The Board has adopted the Advance Notice Policy to ensure, among other things, that all of the shareholders are provided with sufficient notice of the proposed alternative nominees well in advance of any annual or special meeting and that all of the shareholders are given ample opportunity to vote on a fully informed basis.
Additionally, the Advance Notice Policy sets a deadline by which holders of record of common shares of the Company must submit director nominations to the Company prior to any annual or special meeting of shareholders, sets forth the information that a shareholder must include in the notice to the Company, and establishes the form in which the shareholder must submit the notice for that notice to be in proper written form.
In the case of an annual meeting of shareholders, notice to the Company must be made not less than 30 days nor more than 65 days prior to the date of the annual meeting.
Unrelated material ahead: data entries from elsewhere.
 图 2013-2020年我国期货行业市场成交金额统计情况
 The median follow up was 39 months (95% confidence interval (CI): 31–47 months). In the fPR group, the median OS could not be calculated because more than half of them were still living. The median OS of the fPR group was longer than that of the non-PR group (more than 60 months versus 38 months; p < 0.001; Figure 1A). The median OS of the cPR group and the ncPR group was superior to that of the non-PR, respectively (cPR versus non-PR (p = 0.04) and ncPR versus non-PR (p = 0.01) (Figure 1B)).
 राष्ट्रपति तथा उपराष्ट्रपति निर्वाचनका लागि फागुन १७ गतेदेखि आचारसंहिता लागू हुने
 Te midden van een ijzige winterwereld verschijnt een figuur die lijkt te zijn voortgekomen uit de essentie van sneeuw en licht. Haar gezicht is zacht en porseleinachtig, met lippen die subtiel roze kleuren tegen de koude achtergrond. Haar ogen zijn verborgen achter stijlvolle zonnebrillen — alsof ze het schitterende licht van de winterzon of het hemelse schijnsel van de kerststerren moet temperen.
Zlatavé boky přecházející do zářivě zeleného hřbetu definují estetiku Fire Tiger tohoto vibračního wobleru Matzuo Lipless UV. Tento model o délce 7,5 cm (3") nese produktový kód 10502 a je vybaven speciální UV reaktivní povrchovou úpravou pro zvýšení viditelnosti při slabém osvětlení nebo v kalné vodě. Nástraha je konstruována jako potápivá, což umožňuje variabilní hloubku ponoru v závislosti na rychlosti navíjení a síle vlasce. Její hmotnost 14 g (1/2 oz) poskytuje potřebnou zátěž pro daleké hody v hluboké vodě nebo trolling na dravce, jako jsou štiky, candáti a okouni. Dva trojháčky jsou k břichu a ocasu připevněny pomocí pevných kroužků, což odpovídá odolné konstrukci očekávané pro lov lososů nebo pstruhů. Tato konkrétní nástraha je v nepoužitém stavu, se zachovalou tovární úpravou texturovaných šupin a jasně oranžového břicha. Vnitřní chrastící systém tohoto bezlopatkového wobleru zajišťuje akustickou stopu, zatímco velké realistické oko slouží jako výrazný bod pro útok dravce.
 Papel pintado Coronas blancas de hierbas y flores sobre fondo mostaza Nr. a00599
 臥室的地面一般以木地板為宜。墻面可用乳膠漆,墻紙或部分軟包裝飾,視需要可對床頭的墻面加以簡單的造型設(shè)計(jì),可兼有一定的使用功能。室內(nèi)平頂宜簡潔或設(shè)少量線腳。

However, in the event that the annual meeting is to be held on a date that is less than 40 days after the date on which the first public announcement of the date of the annual meeting was made, notice may be made not later than the close of business on the tenth (10th) day following such public announcement.
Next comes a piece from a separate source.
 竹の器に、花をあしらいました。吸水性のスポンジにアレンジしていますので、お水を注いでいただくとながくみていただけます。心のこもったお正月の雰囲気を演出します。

In the case of a special meeting of shareholders (which is not also an annual meeting) notice to the Company must be made not later than the close of business on the fifteenth (15th) day following the day on which the first public announcement of the date of the special meeting was made.
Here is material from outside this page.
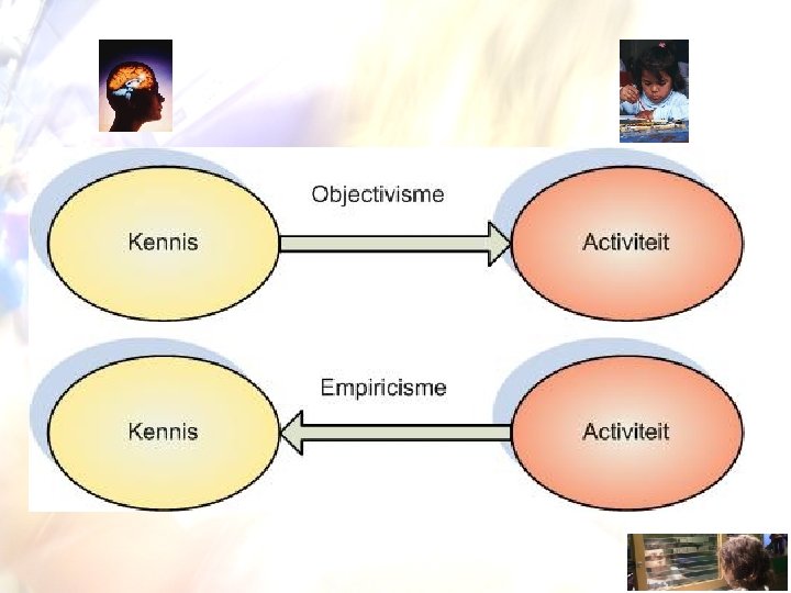 Objectivisme - instructie Lakoff (1987) “An objectivist educator believes that there is one true and correct reality, which we can come to know following the objective methods of science. By studying the world we can identify its structure and entities with their properties and relations, which we can then represent, using theoretical models and abstract symbols. ” Rogoff (1994, p. 211): • Leren het ‘product’ van onderwijzen. Volwassenen verantwoordelijk voor het “vullen” van kinderen met kennis. • aandacht naar de inhoud en niet activiteit.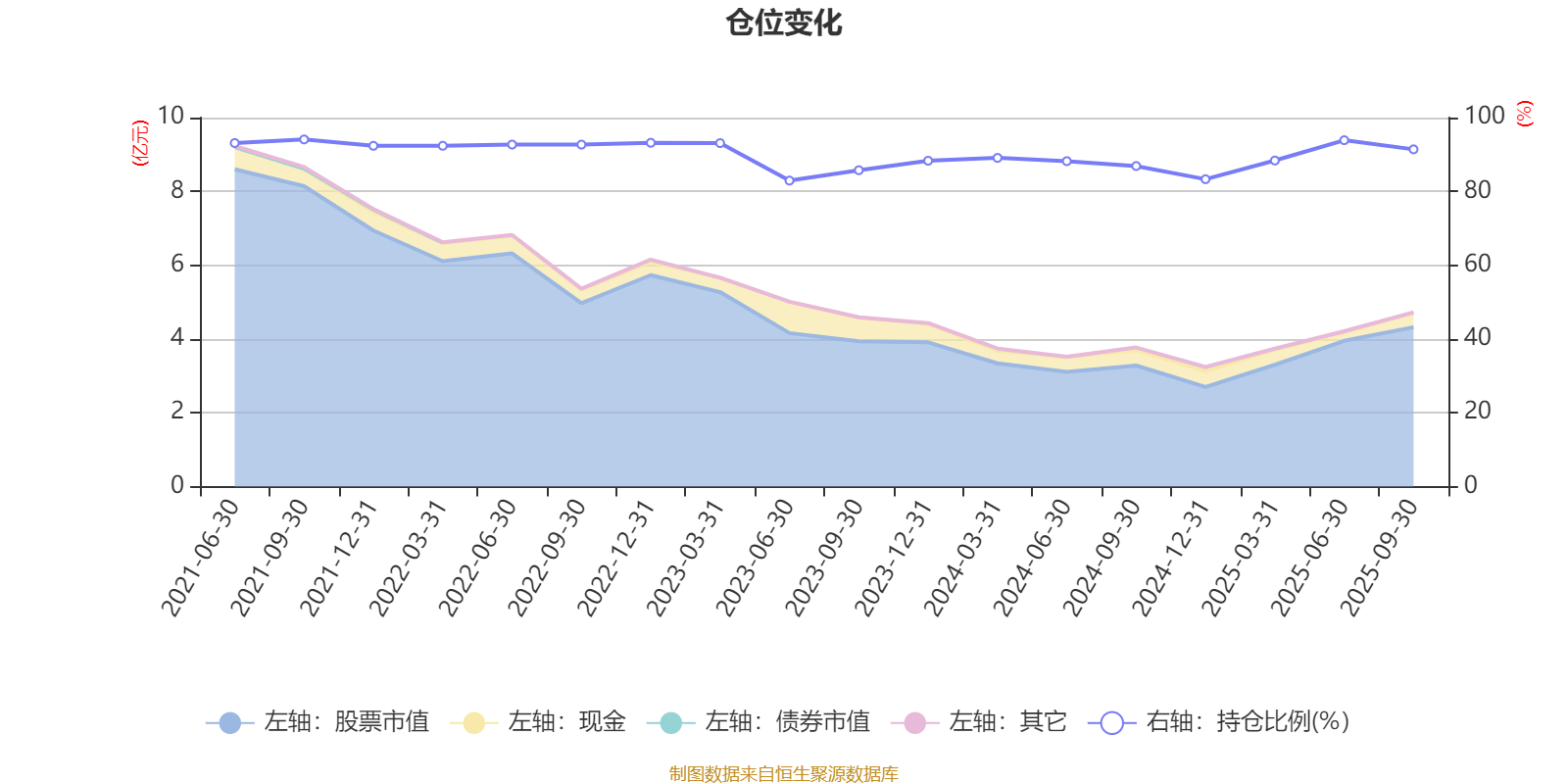 据定期报告数据统计,近三年平均股票仓位为88.69%,同类平均为86.94%。2021年三季度末基金达到94.08%的最高仓位,2023年上半年末最低,为82.93%。

The Advance Notice Policy is in full force and effect as of the date it was approved. In accordance with the terms of the Advance Notice Policy, the Advance Notice Policy will be put to shareholders of the Company for approval at the next Annual and Special Meeting of Shareholders of the Company (the "Meeting") which is scheduled for October 25, 2013. Accordingly, at the Meeting, shareholders of the Company will, among other things, be asked to approve an ordinary resolution approving the Advance Notice Policy. If approved at the Meeting, the Advance Notice Policy will continue to be effective in accordance with its terms. The Advance Notice Policy will be subject to an annual review, and will reflect changes as required by securities regulatory agencies or stock exchanges, or so as to meet industry standards. If not approved at the Meeting, the Advance Notice Policy will terminate and be of no further force and effect from and after the termination of the Meeting.